**TASK DETAILS:** Please repeat every entry exactly as given, apart from dropping the images.

**MATERIALS PROVIDED:**
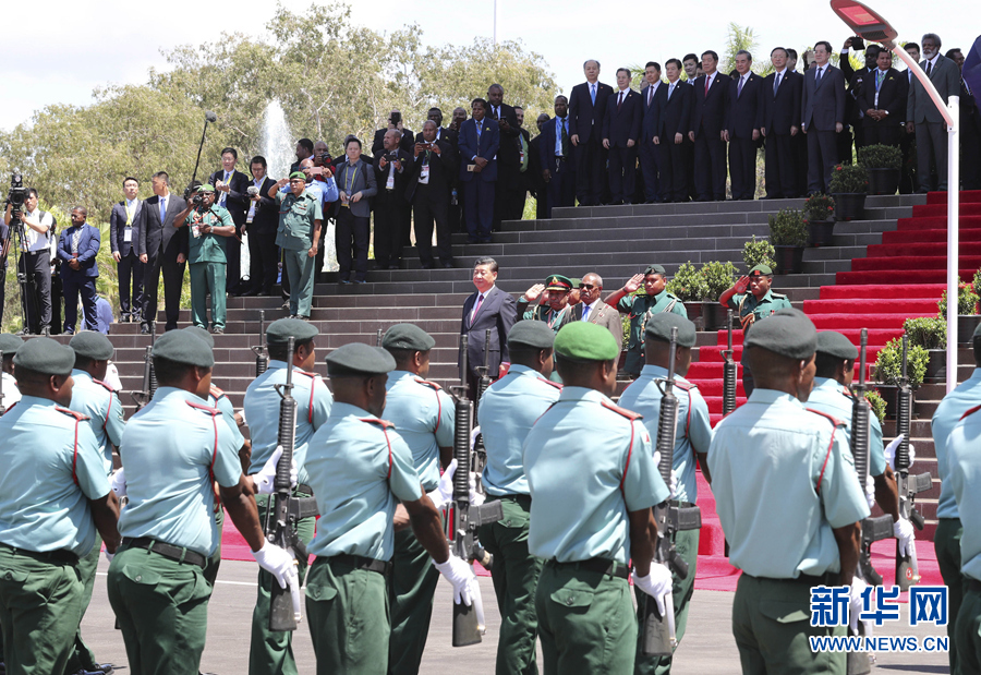 當?shù)貢r間上午10時30分許,習近平乘車抵達議會大廈,受到達達埃熱情迎接。兩國領(lǐng)導(dǎo)人登上檢閱臺。軍樂隊奏中巴新兩國國歌?,F(xiàn)場鳴21響禮炮。習近平在達達埃陪同下檢閱儀仗隊。檢閱畢,習近平同巴新方主要官員握手,達達埃同中方陪同人員握手。兩國領(lǐng)導(dǎo)人共同前往議會大廈會見廳,巴布亞新幾內(nèi)亞議長波馬特等在大廈外迎接并陪同會見。
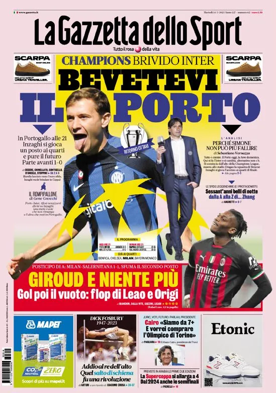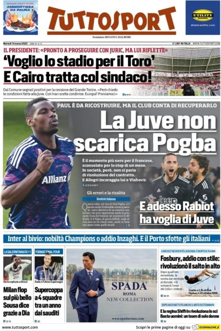 Di seguito sono riportate le prime pagine dei principali quotidiani sportivi di oggi, martedì 14 marzo 2023.
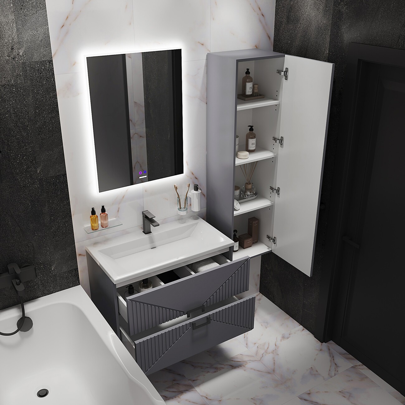 Тумба подвесная Grossman Луксор 80 см с раковиной Блисс 80 см, цвет графит матовый.
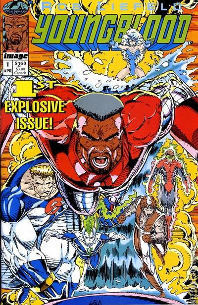 Introducing the next generation of super-heroes...meet Youngblood. This explosive first issue features two teams and two exciting adventures. First Shaft, Die Hard, Bedrock, Vogue, and Chapel must confront the nefarious Four. Then, Sentinel leads Riptide, Brahma, Photon, Psi-Fire, and Cougar into a Middle-Eastern country to put an end to an evil dictator's rule. Brought to you by the co-creator of Cable from the New Mutants and X-Force. 50/50 split with Riptide cover. Flip-book. Two trading cards (they vary per copy of issue?) are bound into the comic.
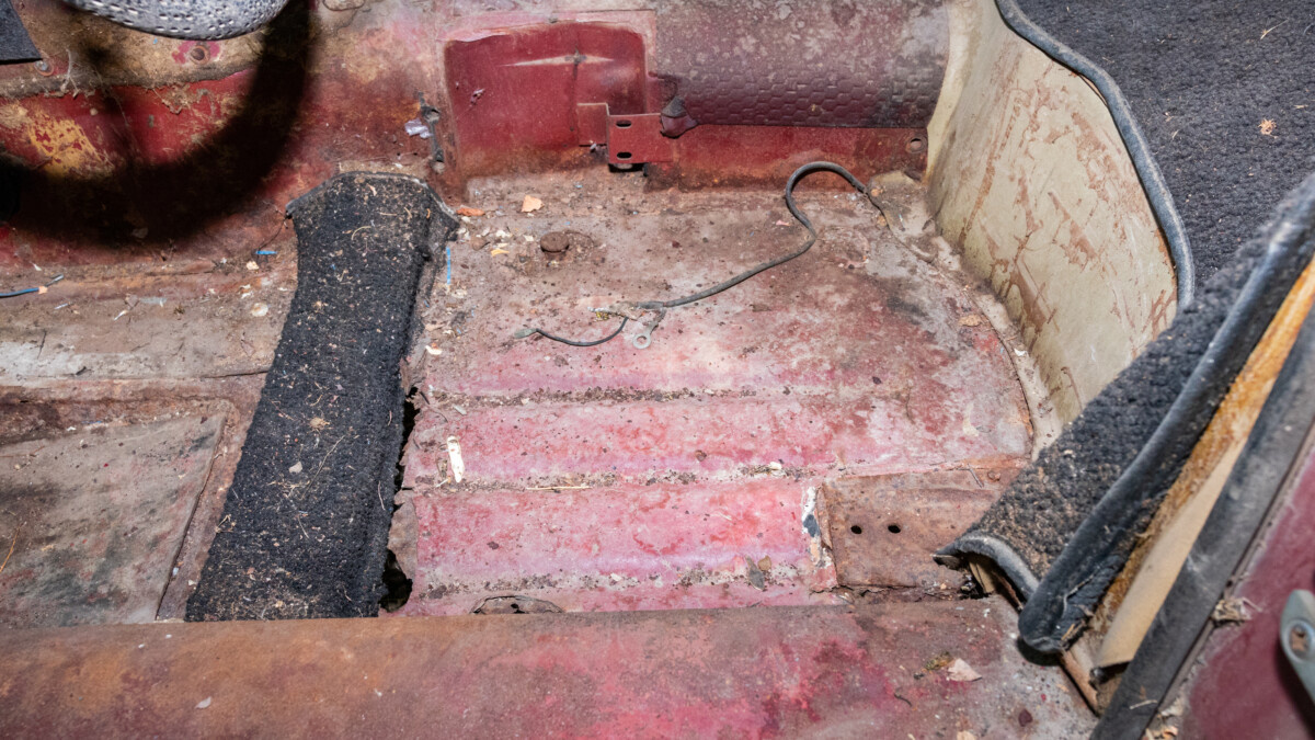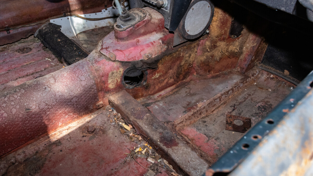 Unfortunately, the seats and door panels have gone missing. The dash is there but a lot of treasure hunting will be needed to put this one back together. There are a lot of parts suppliers and used bits out there though so the job shouldn’t be impossible. The biggest task here might be repairing the rusty floors. The tin worm does like these old Jags so that is not a big surprise.
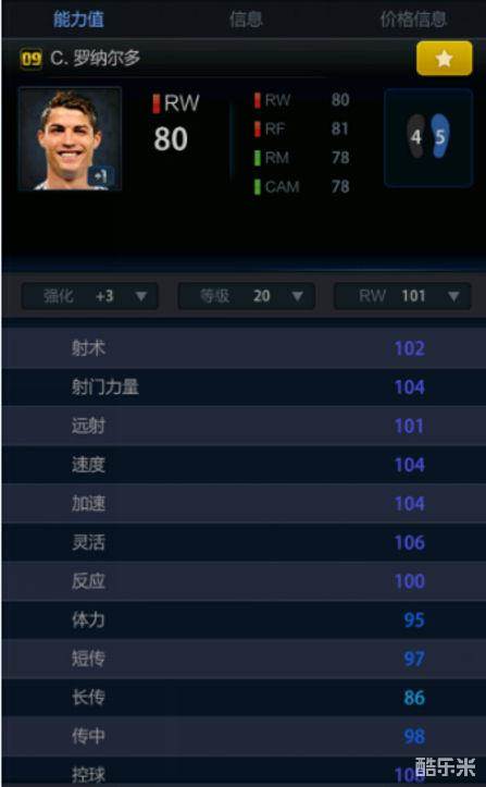 左边锋09C罗(毫无疑问你要想拥有皇马队就必须拥有C罗,关键先生的作用我不必做多说明,但为什么要选择09C罗,因为对于平民玩家来说你想拥有一个+3 的14C罗是很难的,所以选择性价比最高的就是09C罗,这样可以确保+3,让你的球队在球员强化组合上又提升了一个数值)
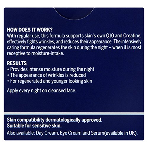 -. Binding : Health and Beauty -. Brand : Nivea -. EAN : 8851901090698 -. Feature : Please be aware that unless expressly indicated otherwise, Cooking Marvellous are not the the manufacturer of this product. Product packaging may vary from what is shown on this listing. We recommend that you do not rely solely on the information presented on our listing. Please always read the labels, warning and directions provided before using or consuming the product. -. IsAdultProduct : 0 -. IsAutographed : 0 -. IsMemorabilia : 0 -. Label : Grocery -. Manufacturer : Grocery -. Model : 81289 -. MPN : 81289 -. PackageQuantity : 1 -. PartNumber : 81289 -. ProductGroup : Beauty -. ProductTypeName : BEAUTY -. Publisher : Grocery -. Studio : Grocery -. Title : Nivea Visage Q10 Plus Creatine Anti Wrinkle Night Cream 1.7oz. / 50ml -. UPC : 890419258297
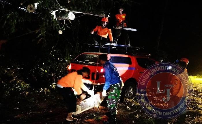 TRENGGALEK lintasjatimnews – Hujan deras yang mengguyur wilayah Kecamatan Tugu, Kabupaten Trenggalek, Jawa Timur, pada Sabtu (7/3/2026) malam memicu tumbangnya sebuah pohon sengon berukuran besar yang menutup total jalur nasional Trenggalek–Ponorogo. Peristiwa tersebut terjadi di Desa Nglinggis, Kecamatan Tugu, sehingga arus lalu lintas di jalur penghubung dua kabupaten itu sempat lumpuh selama proses penanganan.
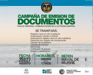 Durante 3 dias , desde el miercoles 25 de agosto hasta el 27 de agosto, inspectores de la Armada del Ecuador y el Departamento de Desarrollo Social del GAD de Muisne, inician el proceso de registro de naves del canto Muisne, en el marco de la campaña de matriculación gratuita de embarcaciones pesqueras artesanales.

**REPLY TO THE EXERCISE:**
 當?shù)貢r間上午10時30分許,習近平乘車抵達議會大廈,受到達達埃熱情迎接。兩國領(lǐng)導(dǎo)人登上檢閱臺。軍樂隊奏中巴新兩國國歌?,F(xiàn)場鳴21響禮炮。習近平在達達埃陪同下檢閱儀仗隊。檢閱畢,習近平同巴新方主要官員握手,達達埃同中方陪同人員握手。兩國領(lǐng)導(dǎo)人共同前往議會大廈會見廳,巴布亞新幾內(nèi)亞議長波馬特等在大廈外迎接并陪同會見。
 Di seguito sono riportate le prime pagine dei principali quotidiani sportivi di oggi, martedì 14 marzo 2023.
 Тумба подвесная Grossman Луксор 80 см с раковиной Блисс 80 см, цвет графит матовый.
 Introducing the next generation of super-heroes...meet Youngblood. This explosive first issue features two teams and two exciting adventures. First Shaft, Die Hard, Bedrock, Vogue, and Chapel must confront the nefarious Four. Then, Sentinel leads Riptide, Brahma, Photon, Psi-Fire, and Cougar into a Middle-Eastern country to put an end to an evil dictator's rule. Brought to you by the co-creator of Cable from the New Mutants and X-Force. 50/50 split with Riptide cover. Flip-book. Two trading cards (they vary per copy of issue?) are bound into the comic.
 Unfortunately, the seats and door panels have gone missing. The dash is there but a lot of treasure hunting will be needed to put this one back together. There are a lot of parts suppliers and used bits out there though so the job shouldn’t be impossible. The biggest task here might be repairing the rusty floors. The tin worm does like these old Jags so that is not a big surprise.
 左边锋09C罗(毫无疑问你要想拥有皇马队就必须拥有C罗,关键先生的作用我不必做多说明,但为什么要选择09C罗,因为对于平民玩家来说你想拥有一个+3 的14C罗是很难的,所以选择性价比最高的就是09C罗,这样可以确保+3,让你的球队在球员强化组合上又提升了一个数值)
 -. Binding : Health and Beauty -. Brand : Nivea -. EAN : 8851901090698 -. Feature : Please be aware that unless expressly indicated otherwise, Cooking Marvellous are not the the manufacturer of this product. Product packaging may vary from what is shown on this listing. We recommend that you do not rely solely on the information presented on our listing. Please always read the labels, warning and directions provided before using or consuming the product. -. IsAdultProduct : 0 -. IsAutographed : 0 -. IsMemorabilia : 0 -. Label : Grocery -. Manufacturer : Grocery -. Model : 81289 -. MPN : 81289 -. PackageQuantity : 1 -. PartNumber : 81289 -. ProductGroup : Beauty -. ProductTypeName : BEAUTY -. Publisher : Grocery -. Studio : Grocery -. Title : Nivea Visage Q10 Plus Creatine Anti Wrinkle Night Cream 1.7oz. / 50ml -. UPC : 890419258297
 TRENGGALEK lintasjatimnews – Hujan deras yang mengguyur wilayah Kecamatan Tugu, Kabupaten Trenggalek, Jawa Timur, pada Sabtu (7/3/2026) malam memicu tumbangnya sebuah pohon sengon berukuran besar yang menutup total jalur nasional Trenggalek–Ponorogo. Peristiwa tersebut terjadi di Desa Nglinggis, Kecamatan Tugu, sehingga arus lalu lintas di jalur penghubung dua kabupaten itu sempat lumpuh selama proses penanganan.
 Durante 3 dias , desde el miercoles 25 de agosto hasta el 27 de agosto, inspectores de la Armada del Ecuador y el Departamento de Desarrollo Social del GAD de Muisne, inician el proceso de registro de naves del canto Muisne, en el marco de la campaña de matriculación gratuita de embarcaciones pesqueras artesanales.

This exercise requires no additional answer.